(Extracted data entries)
****************

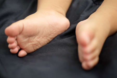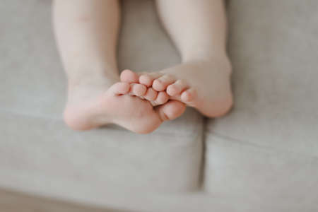 child bare little feet close-up indoors. child sitting barefoot.
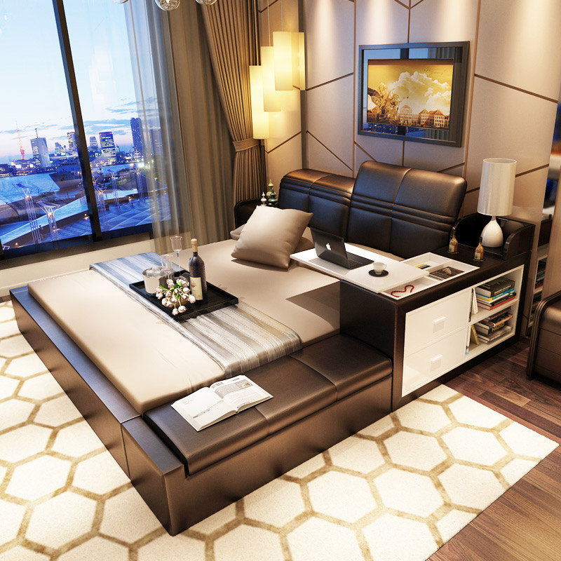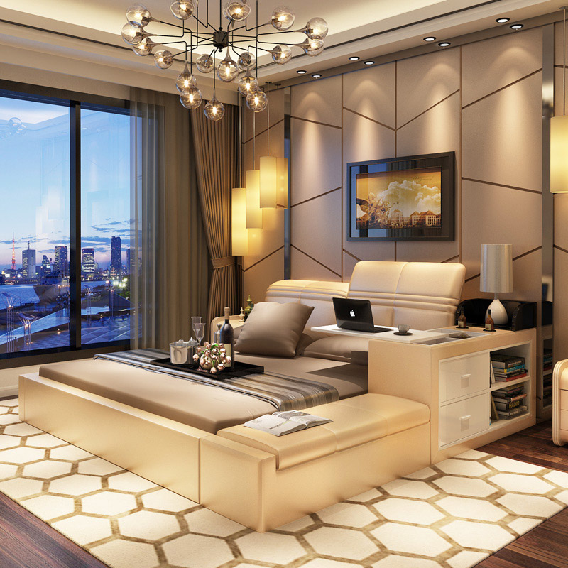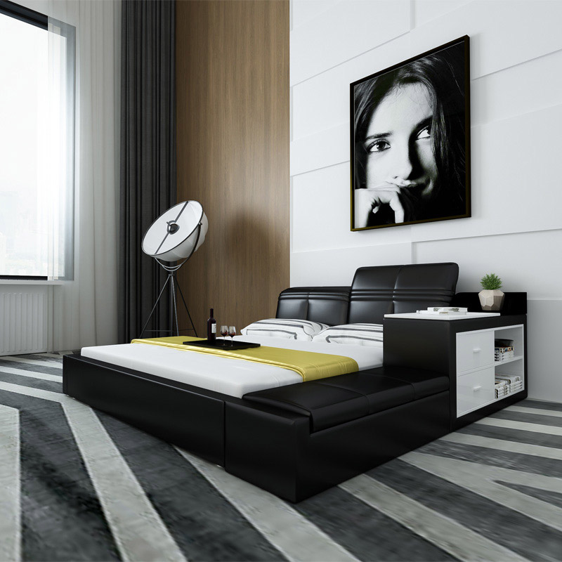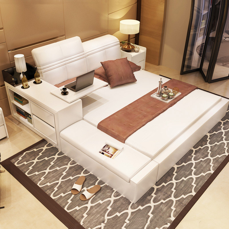 創(chuàng)意真皮床雙人床現(xiàn)代婚床1.8米1.5榻榻米床儲物床皮藝床軟床大床 床側(cè)儲物 升降靠背 雙ll價格 更低
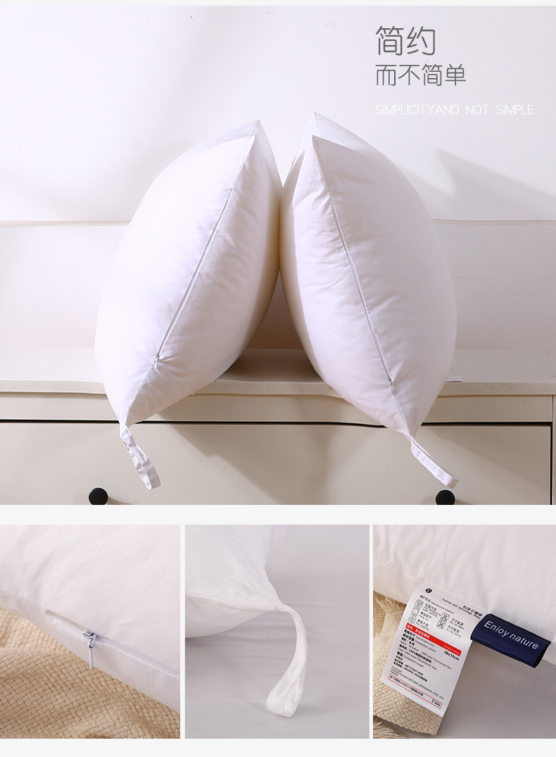 순면 깃털 베개 베개심 가정용 목보호 베개 싱글 호텔 베개 단품 세탁 가능 동일 모델 경추 베개
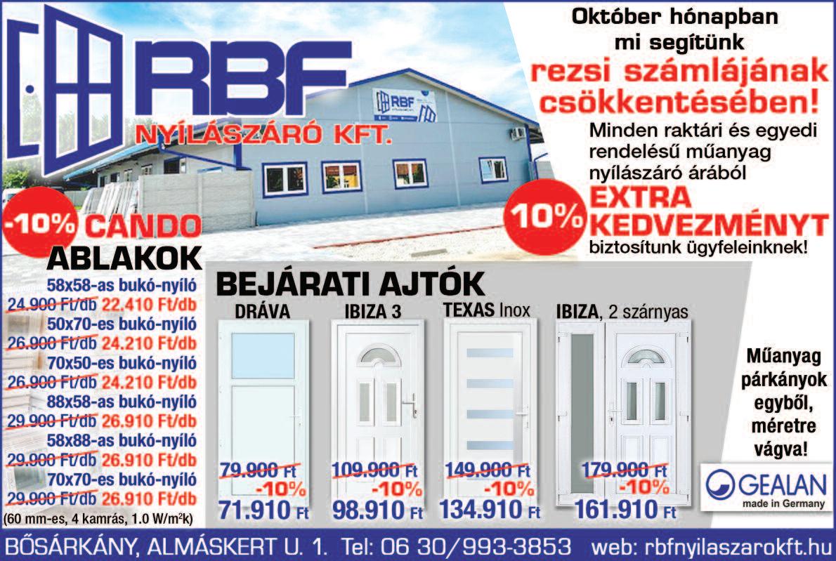 Munkaidőben: 0630/610 3850 www rbfnyilaszarokft hu, Bősárkány, Almáskert u 1 Új, építkezésből megmaradt és bon tott nyílászárók nagy választékban 600 db os raktárkészletről azonnal vi hetők! www hasznaltablak hu
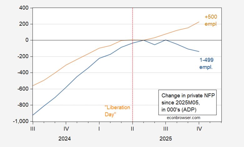 Figure 1: Change in employment from May 2025 in firms with less than 500 employees (blue), in firms with 500 and more employees (tan), both in 000’s, s.a. Source: ADP via FRED, and author’s calculations.
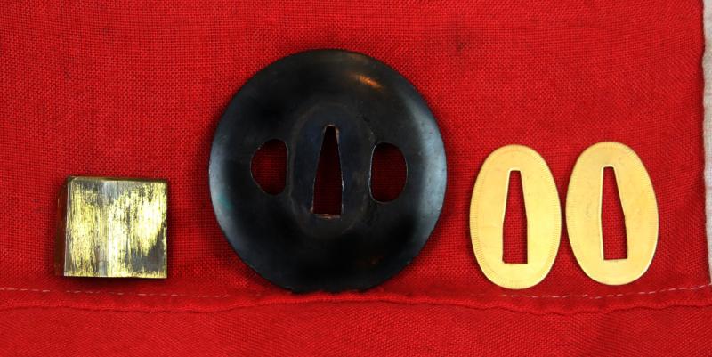 The tsuka-ito {hilt binding} was too aged to save, so we are having the tsuka {hilt} rebound. Once refitted upon the sword, we will add further photographs
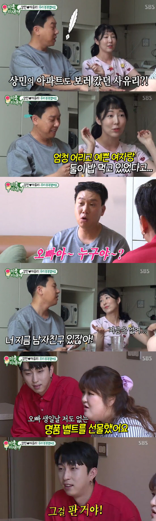 이상민은 "이 아파트가 싱글남들이 많이 사는 곳이다. 김종국 김종민도 산다. 일부러 이사온 것이냐"라고 물었다. 사유리는 "이웃이라고 들었는데 한번도 만나지 못했다. 사실 이상민 오빠 사는 아파트도 집을 보러 갔었다. 하지만 혹시라도 오빠가 연애할 때 같이 엘리베이터에서 만나면 얼마나 난감하겠나. 오빠는 저를 아는 척 안할 것"이라고 말했다. 이어 "예전에 오빠와 가상 부부할 때는 어떤 소문도 안돌았는데 요즘 소문이 들린다. 아주 어리고 예쁜 여자와 밥먹고 있는 걸 동물병원 선생님이 보시고 말해주셨다. 누구냐"라고 돌직구로 물었다. 이상민은 "만약 내가 연애한다면 기사가 나기 전에 사유리에게 말할 것"이라며 "그런데 사유리 너 남자친구 있잖아"라고 공격했다. 사유리는 "지금은 없다"고 말해 웃음을 유발했다.
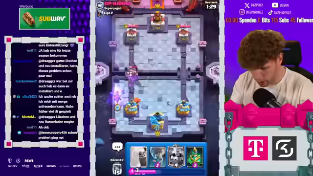 00:06:13Die Liga ist schwerer geworden, da man 15.000 Trophäen erreicht haben muss, um sie spielen zu können. Im ersten Spiel wird gegen einen Gegner mit Mini-Pekka gespielt, was problematisch ist, da keine passende Karte im Deck vorhanden ist. Trotzdem wird versucht, mit dem Golem und Evolutionen gegenzuhalten, mit dem Ziel, in dieser Season Ultima T-World Champion zu erreichen oder zumindest Liga 6. Das erste Spiel geht jedoch verloren, da das Deck anfällig gegen Mini-Pekka ist. Die Gegner sind Full-Max und scheinen die Schwächen des Decks zu kennen. Im nächsten Spiel wird gegen Lockbait gespielt, was ebenfalls interessant werden könnte. Es wird eine interessante Situation mit aktiviertem Kingtower beschrieben, aber es gelingt nicht, den gegnerischen Turm anzugreifen. Das Deck hat in der einfachen Elixierphase Schwierigkeiten, da die Gegner mit ihren zufälligen Zügen Vorteile erzielen können. Es wird angekündigt, dass am Ende der Season Merch-Tactics und Free-to-Play auf dem Main-Account gespielt werden. Es wird überlegt, den Skellyking aus dem Deck zu nehmen und stattdessen die Bossbanditen einzusetzen, da der Skellyking nicht die gewünschte Leistung bringt, besonders gegen die OP-e Brokene Evo-Valküre.

****************

**Your assignment**
Nothing but the lines from the first line of the data through the line with "말해 웃음을 유발했다." belongs in the answer, copied exactly and without pictures.

**Output for this task**
 child bare little feet close-up indoors. child sitting barefoot.
 創(chuàng)意真皮床雙人床現(xiàn)代婚床1.8米1.5榻榻米床儲物床皮藝床軟床大床 床側(cè)儲物 升降靠背 雙ll價格 更低
 순면 깃털 베개 베개심 가정용 목보호 베개 싱글 호텔 베개 단품 세탁 가능 동일 모델 경추 베개
 Munkaidőben: 0630/610 3850 www rbfnyilaszarokft hu, Bősárkány, Almáskert u 1 Új, építkezésből megmaradt és bon tott nyílászárók nagy választékban 600 db os raktárkészletről azonnal vi hetők! www hasznaltablak hu
 Figure 1: Change in employment from May 2025 in firms with less than 500 employees (blue), in firms with 500 and more employees (tan), both in 000’s, s.a. Source: ADP via FRED, and author’s calculations.
 The tsuka-ito {hilt binding} was too aged to save, so we are having the tsuka {hilt} rebound. Once refitted upon the sword, we will add further photographs
 이상민은 "이 아파트가 싱글남들이 많이 사는 곳이다. 김종국 김종민도 산다. 일부러 이사온 것이냐"라고 물었다. 사유리는 "이웃이라고 들었는데 한번도 만나지 못했다. 사실 이상민 오빠 사는 아파트도 집을 보러 갔었다. 하지만 혹시라도 오빠가 연애할 때 같이 엘리베이터에서 만나면 얼마나 난감하겠나. 오빠는 저를 아는 척 안할 것"이라고 말했다. 이어 "예전에 오빠와 가상 부부할 때는 어떤 소문도 안돌았는데 요즘 소문이 들린다. 아주 어리고 예쁜 여자와 밥먹고 있는 걸 동물병원 선생님이 보시고 말해주셨다. 누구냐"라고 돌직구로 물었다. 이상민은 "만약 내가 연애한다면 기사가 나기 전에 사유리에게 말할 것"이라며 "그런데 사유리 너 남자친구 있잖아"라고 공격했다. 사유리는 "지금은 없다"고 말해 웃음을 유발했다.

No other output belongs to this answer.